Dans notre belle langue, certains mots se croisent, s’effleurent et finissent par se confondre dans l’esprit des locuteurs. C’est le cas du duo empire et emprise. 

Si tous deux évoquent l’idée d’une domination ou d’une forte influence, ils n’appartiennent pas au même registre et ne décrivent pas la même réalité. L’un relève d’une autorité légitime ou d’une influence diffuse, tandis que l’autre décrit un piège psychologique ou matériel.

L’empire, c’est l’autorité, le prestige et l’ascendant. Le mot empire possède une double facette. Au sens propre, il désigne un régime politique ou un vaste territoire (l’Empire romain, le Premier Empire). Au sens figuré, il exprime une idée de souveraineté, d’autorité absolue ou d’ascendant moral que l’on exerce sur quelqu’un ou quelque chose. 
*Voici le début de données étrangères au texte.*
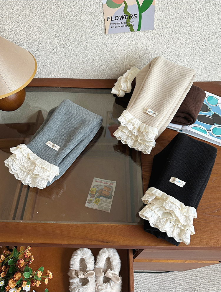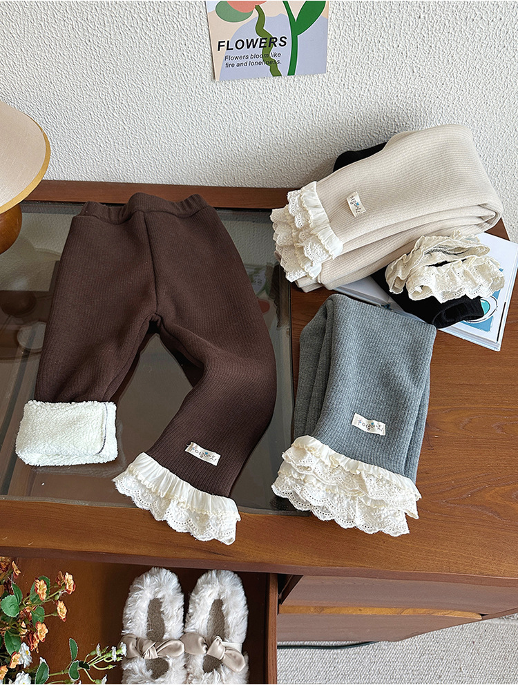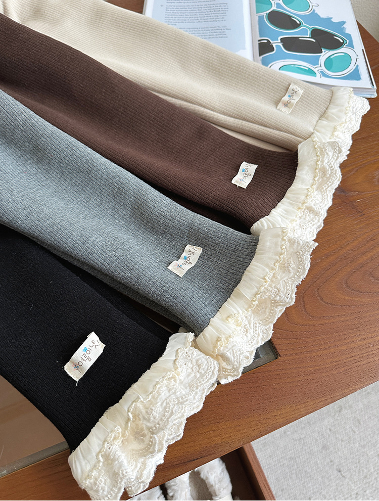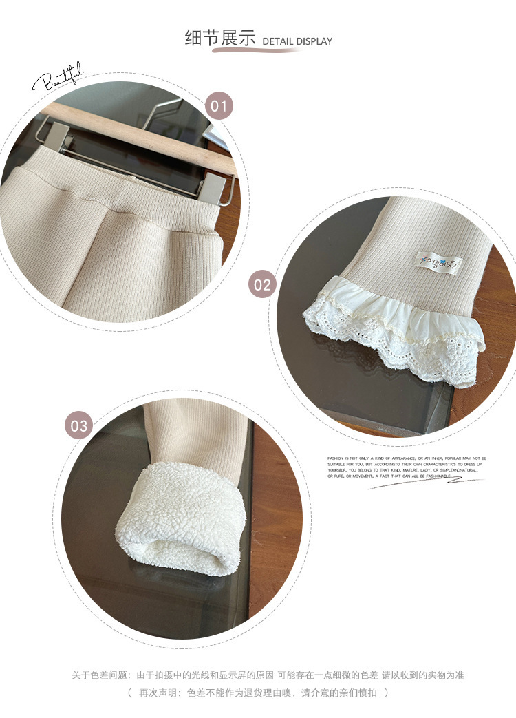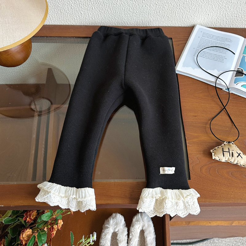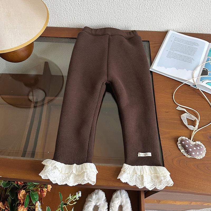 한국 겨울 원피스 벨벳 소녀 패딩 바지 24 새로운 스타일 올 매치 단색 레이스 레깅스

On dit ainsi : Avoir de l’empire sur soi-même (faire preuve de maîtrise de soi). Exercer un empire absolu sur ses sujets ou sur ses propres émotions. Agir sous l’empire de la colère ou de la boisson (être totalement dominé par un sentiment ou un état).

L’emprise, c’est la capture, le contrôle et la dépendance. Le terme emprise est beaucoup plus concret à l’origine, puisqu’il vient du vocabulaire de l’expropriation (l’emprise ferroviaire sur un terrain, par exemple). Au figuré, il a pris un sens psychologique très fort : il désigne l’ascendant intellectuel ou moral d’une personne sur une autre, mais avec une notion d’abus, de contrainte ou de manipulation. L’emprise brise la volonté de celui qui la subit. Elle implique une relation toxique, une domination psychologique subie et souvent inconsciente au départ. On dit ainsi : Se libérer de l’emprise d’un manipulateur. Être sous l’emprise d’un gourou.
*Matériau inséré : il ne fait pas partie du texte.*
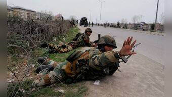 Security personnel take position during the encounter with millitants near the CRPF camp at Bemina in Srinagar on Wednesday. PTI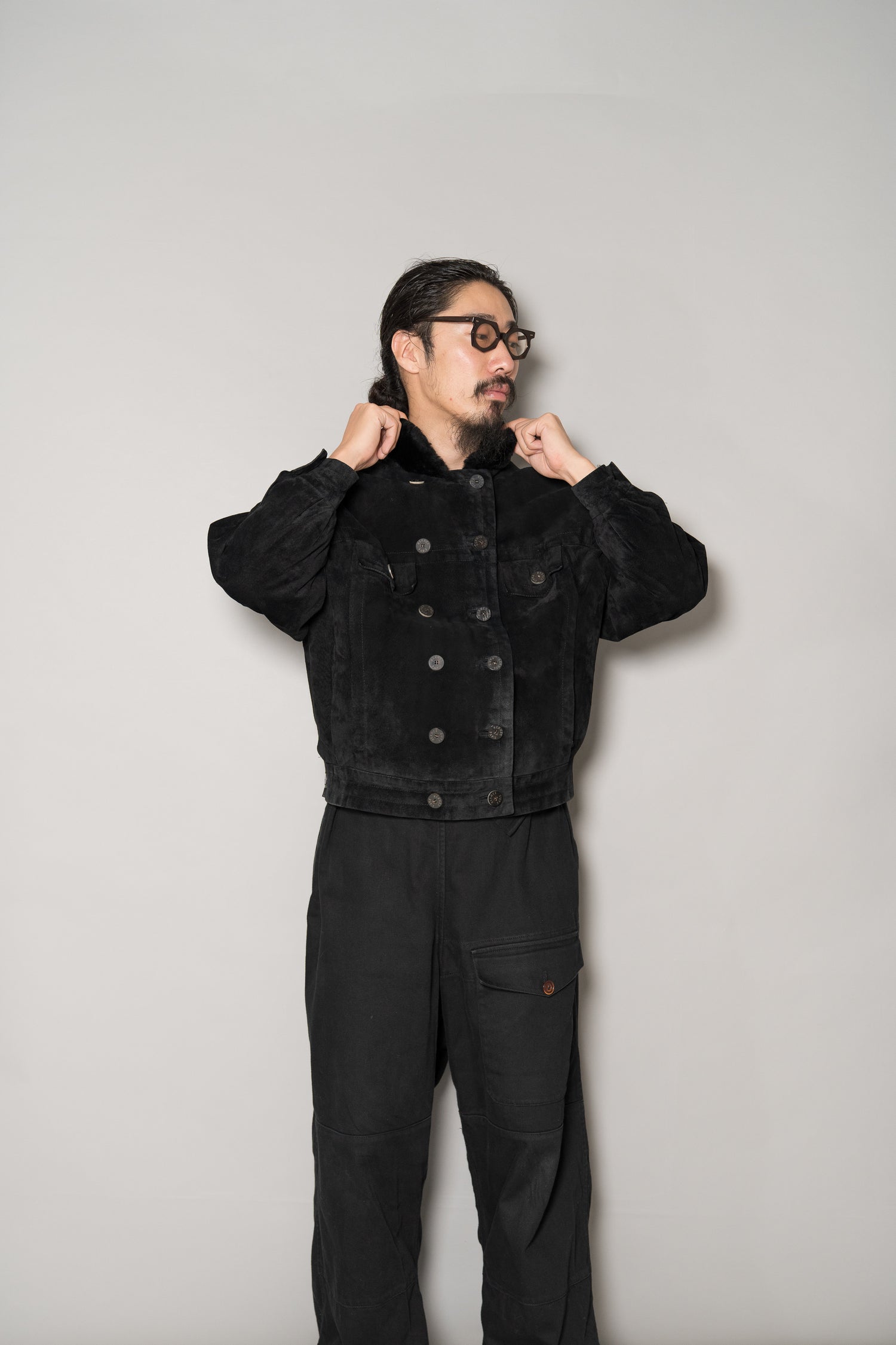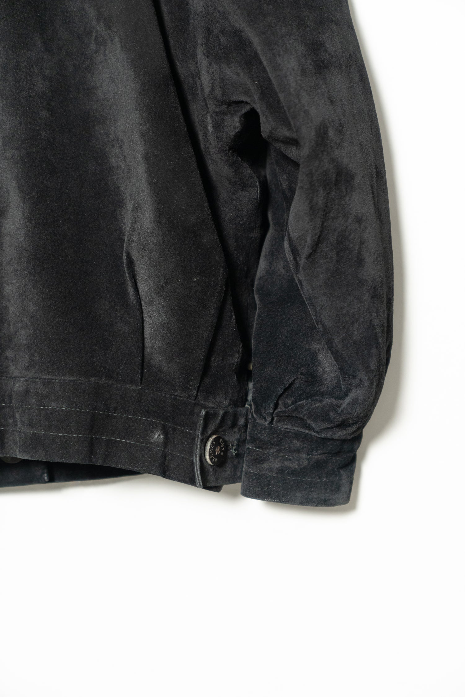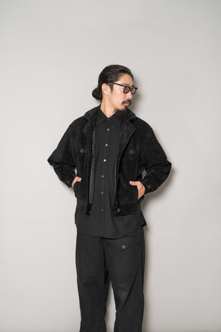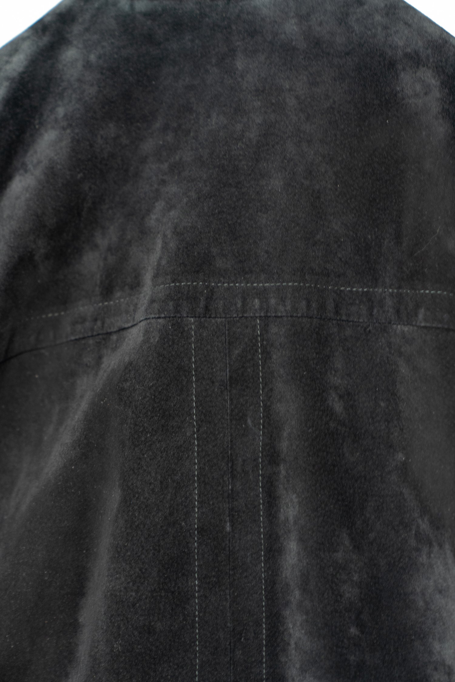 このジャケットは、エルメスが誇るレザーワークの真髄を体現する一着です。素材には、ラグジュアリーブランドの中でもほとんど用いられることのない「ピッグスキン(豚革)」を採用。上質な素材ながら非常に扱いが難しいことで知られ、熟練した職人の手でしか仕立てられない特別なレザーです。表面を丁寧にスウェード調へと仕上げることで、深いマットブラックの質感が生まれ、光を受ける角度でわずかに艶を帯びる独特の陰影が現れます。まさに、使い込むほどにその表情を変えていく「育つ革」。HERMÈS が長年培ってきた素材哲学が息づいています。

Pour choisir le bon mot, il suffit d’analyser la nature de la domination.

D’un côté, l’empire désigne un ascendant général, une force intérieure ou un état de dépassement. On l’emploie par exemple pour dire qu’un individu a agi sous l’empire de la panique.
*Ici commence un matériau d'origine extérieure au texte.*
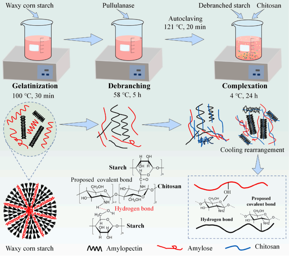 本研究采用双修饰技术开展了创新性研究,一是通过脱支酶(普鲁兰酶)选择性水解α-1,6-糖苷键而形成低分子量的线性短链分子(Debranched Starch, DBS),使其分子范围处于聚合度(DP)20与60之间。二是在形成短程有序过程中,通过分子嵌入技术使其与壳聚糖形成复合物,在诱导条件下,两类多聚物形成共结晶。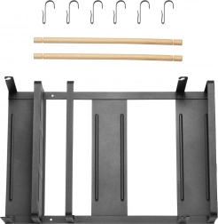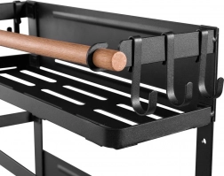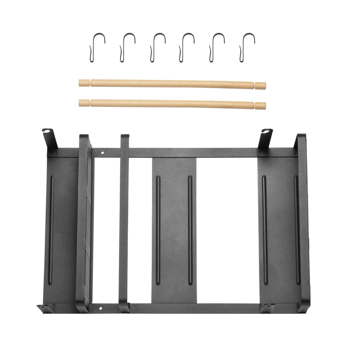 Der breite Halter für Papierhandtücher ist für die meisten auf dem Markt erhältlichen Rollen geeignet. Sechs abnehmbare Haken können beispielsweise zum Aufhängen von Kaffeebechern, Tassen oder Küchenutensilien verwendet werden. Dank des universellen und stilvollen Designs fügt sich das Regal problemlos in das Interieur jeder Küche ein. Das Holzelement hat nicht nur eine dekorative Funktion, sondern schützt die platzierten Produkte auch vor dem Herausfallen. Drei starke Magnete ermöglichen eine einfache und schnelle Montage des Regals auf einer Metalloberfläche, beispielsweise am Kühlschrank oder an der Waschmaschine, ganz ohne Bohren und Werkzeug. Die maximale Tragfähigkeit beträgt 12 kg.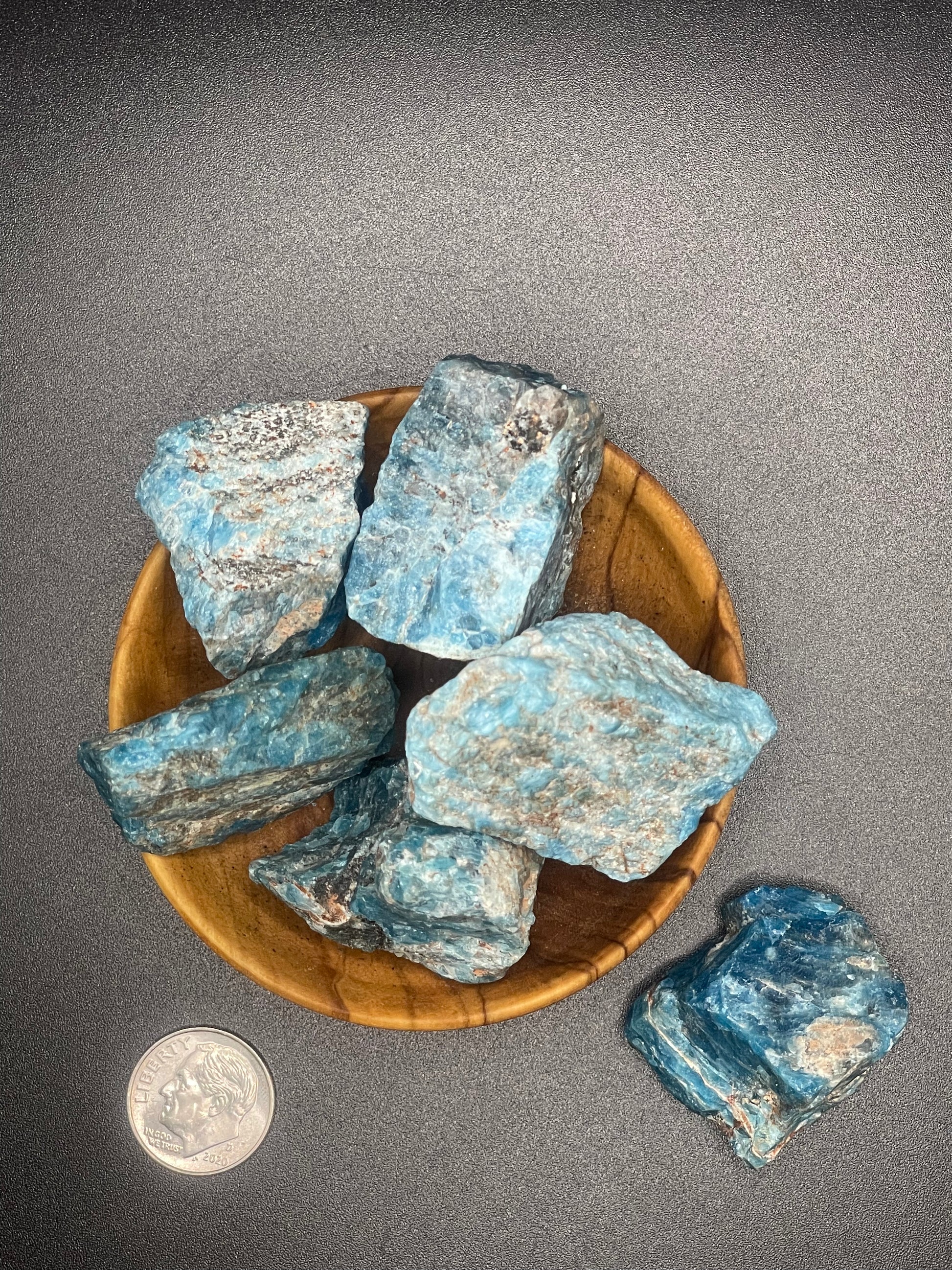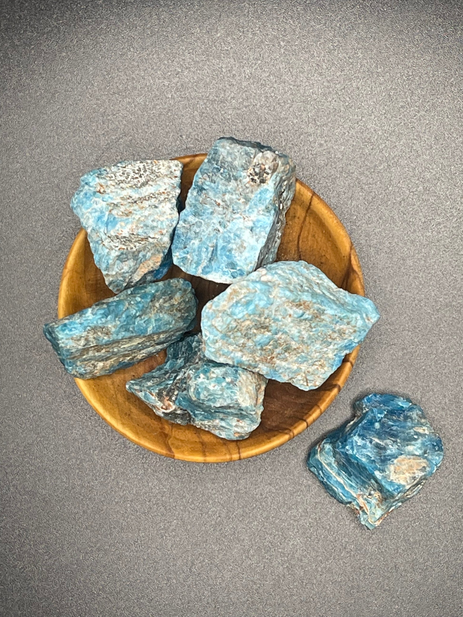 Blue apatite helps with motivation, ambition, self confidence and self-acceptance.  Connects to a very high level of spiritual guidance.  It facilitates public speaking, enhances group communication, opens the throat chakra and heals the heart and emotional issues.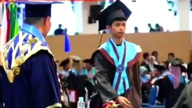 Dalam video beredar, tampak sekitar empat wisudawan secara bergantian membungkuk dengan memberi hormat kepada rektor. Keempat wisudawan itu terlihat senyum sumringah.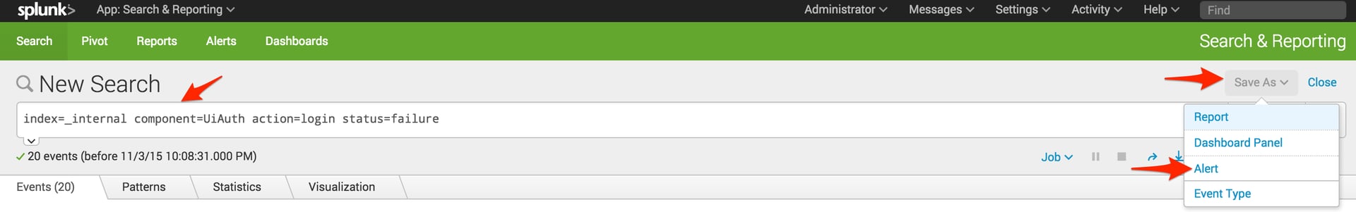 6. Run the search in Splunk that you would like to create an alert for. We recommend testing by searching Splunk’s internal logs for failed login attempts: index=_internal component=UiAuth action=login status=failure</code >

D’un autre côté, l’emprise fait référence à une domination psychologique, une manipulation ou un emprisonnement moral. On l’utilisera ainsi pour expliquer qu’une personne a enfin échappé à l’emprise de son ex-conjoint.

Le piège à éviter : On n’est pas sous « l’emprise » de l’alcool, mais sous « l’empire de l’alcool ». En revanche, on est sous « l’emprise d’un pervers narcissique », et non sous son empire.

A bientôt pour un nouveau CDBP !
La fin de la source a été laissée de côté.